I am using the adv7180 for pal adc and adv7123 for vga dac.

I have a problem finding the right resoltion of vga wich will be good for pal conversion

1 frame of pal is 0.04s but i cant seem to find the right resoultion in vga wich resembles this kind of timing... the closest one was 800×600 100hz and it was 0.01s with 67.18MHZ pixel clock but the pll can give me 68.181818MHZ wich will couse problems.

Ideas will be a great help!

Help please.?
 

Hi,

0.04s is 25Hz, or in your case 25fps.

You may need to synchronize to your incoming PAL rate.
Otherwise there will be some artefacts.

A PLL could be used to synchronize.

Klaus
 

I have no problem syncing to my pal income i have a problem finding the right frame ratio in tge vga part that will fit the incoming pal rate i preper to deinterlace the pal using line dubbling for evry field
So i need a vga rate that will alow me to intrlace properly but for now i am serching for a vga rate that will cordinate to 0.04s frame or 0.02 field
 

There was another thread about this on edaboard located here. I didn't follow any of the links provided by others, so who knows if any of them will help.

Also this might help you out.
 

Thanks for the reply but i all ready saw this tread and my problem is with the timing and resoultion... and the replys in the tread don't cover it..

The second link you gave aproved what i thought, using 800x600 100hz in vga will probbly give the best solution but in order to use this resoltion a pixel clock of 68.18Mhz is needed but my PLL can only give me 68.181818 wich will couse timing problems...
 

I don't think you clued in on the gist of the threads, there is no direct translation between the two formats you have to interpolate/rescale/resample for the best results.

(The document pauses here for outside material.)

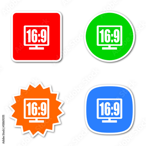 16 9 display simple colored vector web internet icon set flat design sticker tag

But given your pixel clock rates you mentioned above (not checked for accuracy or suitability), a VGA monitor syncs to the incoming video signal, so 68.18181818 is approximately off by +20 ppm from the 68.18, which if the monitor can't sync to that then it's not a very good monitor. A +20 ppm clock difference is pretty good, many products use +/-100 ppm oscillators and I suspect a typical commodity PC video card doesn't use much better than +/-50ppm (the more accurate the more expensive). So I suspect your VGA output will sync without a problem even with a pixel clock that is off by quite a few ppm.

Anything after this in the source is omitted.